Creating a Multi-Level Column Index
First, let's create a DataFrame with a three-level column index using MultiIndex.from_tuples() ?
import numpy as np
import pandas as pd
# Create multi-level column index
items = pd.MultiIndex.from_tuples([("Col 1", "Col 1", "Col 1"),
("Col 2", "Col 2", "Col 2"),
("Col 3", "Col 3", "Col 3")])
# Create multi-level row index
arr = [np.array(['car', 'car', 'car', 'bike', 'bike', 'bike', 'truck', 'truck', 'truck']),
np.array(['valueA', 'valueB', 'valueC', 'valueA', 'valueB', 'valueC', 'valueA', 'valueB', 'valueC'])]
# Create DataFrame with multi-level indexes
dataFrame = pd.DataFrame(np.random.randn(9, 3), index=arr, columns=items)
dataFrame.index.names = ['vehicle', 'type']
print("Original DataFrame:")
print(dataFrame)
Original DataFrame:
Col 1 Col 2 Col 3
Col 1 Col 2 Col 3
Col 1 Col 2 Col 3
vehicle type
car valueA 0.425077 0.020606 1.148156
valueB -1.720355 0.502863 1.184753
valueC 0.373106 1.300935 -0.128404
bike valueA -0.648708 0.944725 0.593327
valueB -0.613921 -0.238730 -0.218448
valueC 0.313042 -0.628065 0.910935
truck valueA 0.286377 0.478067 -1.000645
valueB 1.151793 -0.171433 -0.612346
valueC -1.358061 0.735075 0.092700
Dropping the First Level
Use droplevel(0) to remove the topmost level from the column index ?
import numpy as np
import pandas as pd
# Create the same DataFrame as before
items = pd.MultiIndex.from_tuples([("Col 1", "Col 1", "Col 1"),
("Col 2", "Col 2", "Col 2"),
("Col 3", "Col 3", "Col 3")])
arr = [np.array(['car', 'car', 'car', 'bike', 'bike', 'bike', 'truck', 'truck', 'truck']),
np.array(['valueA', 'valueB', 'valueC', 'valueA', 'valueB', 'valueC', 'valueA', 'valueB', 'valueC'])]

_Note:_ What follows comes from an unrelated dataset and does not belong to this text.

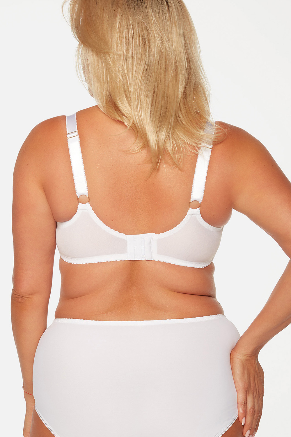 Белый мягкий бюстгальтер Subtle Temptation сочетает в себе элегантность и комфорт для полных женщин. Чашка с тройным членением и двойная усиленная боковая часть собирают грудь внутрь, придают бюсту приподнятый и округленный вид. Подкладка из мягкой прочной сетки в нижней части чашки добавляет легкости и комфорта при ношении. Двойные подвижные боковые косточки гарантируют адаптацию к движению тела и повышают комфорт при ношении. Тройной крючок всех размерах.

dataFrame = pd.DataFrame(np.random.randn(9, 3), index=arr, columns=items)
dataFrame.index.names = ['vehicle', 'type']
# Drop the first level
dataFrame.columns = dataFrame.columns.droplevel(0)
print("After dropping first level:")
print(dataFrame)
After dropping first level:
Col 1 Col 2 Col 3
Col 1 Col 2 Col 3
vehicle type
car valueA 0.425077 0.020606 1.148156
valueB -1.720355 0.502863 1.184753
valueC 0.373106 1.300935 -0.128404
bike valueA -0.648708 0.944725 0.593327
valueB -0.613921 -0.238730 -0.218448
valueC 0.313042 -0.628065 0.910935
truck valueA 0.286377 0.478067 -1.000645
valueB 1.151793 -0.171433 -0.612346
valueC -1.358061 0.735075 0.092700
Dropping Multiple Levels
After dropping one level, the remaining levels shift down. Drop another level to get a single-level column index ?
import numpy as np
import pandas as pd
# Create the same DataFrame
items = pd.MultiIndex.from_tuples([("Col 1", "Col 1", "Col 1"),
("Col 2", "Col 2", "Col 2"),
("Col 3", "Col 3", "Col 3")])
arr = [np.array(['car', 'car', 'car', 'bike', 'bike', 'bike', 'truck', 'truck', 'truck']),
np.array(['valueA', 'valueB', 'valueC', 'valueA', 'valueB', 'valueC', 'valueA', 'valueB', 'valueC'])]
dataFrame = pd.DataFrame(np.random.randn(9, 3), index=arr, columns=items)
dataFrame.index.names = ['vehicle', 'type']
# Drop first level
dataFrame.columns = dataFrame.columns.droplevel(0)
# Drop second level (now at index 0)
dataFrame.columns = dataFrame.columns.droplevel(0)
print("After dropping two levels:")
print(dataFrame)
After dropping two levels:
Col 1 Col 2 Col 3
vehicle type
car valueA 0.425077 0.020606 1.148156
valueB -1.720355 0.502863 1.184753
valueC 0.373106 1.300935 -0.128404
bike valueA -0.648708 0.944725 0.593327
valueB -0.613921 -0.238730 -0.218448
valueC 0.313042 -0.628065 0.910935
truck valueA 0.286377 0.478067 -1.000645
valueB 1.151793 -0.171433 -0.612346
valueC -1.358061 0.735075 0.092700
Alternative: Drop Specific Level by Position
You can also drop a specific level by its position without dropping sequentially ?
import numpy as np
import pandas as pd
# Create DataFrame with 3-level columns
items = pd.MultiIndex.from_tuples([("Level0", "Level1", "Col1"),
("Level0", "Level1", "Col2"),
("Level0", "Level1", "Col3")])
data = [[1, 2, 3], [4, 5, 6]]
df = pd.DataFrame(data, columns=items)
print("Original:")
print(df)
# Drop level 1 (middle level)
df.columns = df.columns.droplevel(1)
print("\nAfter dropping level 1:")
print(df)
Original:
Level0 Level0 Level0
Level1 Level1 Level1
Col1 Col2 Col3
0 1 2 3
1 4 5 6
After dropping level 1:
Level0 Level0 Level0
Col1 Col2 Col3
0 1 2 3
1 4 5 6
Conclusion
Use columns.droplevel() repeatedly to remove multiple levels from multi-level column indexes. Remember that after each drop, the remaining levels shift positions, so always drop from index 0 for sequential removal.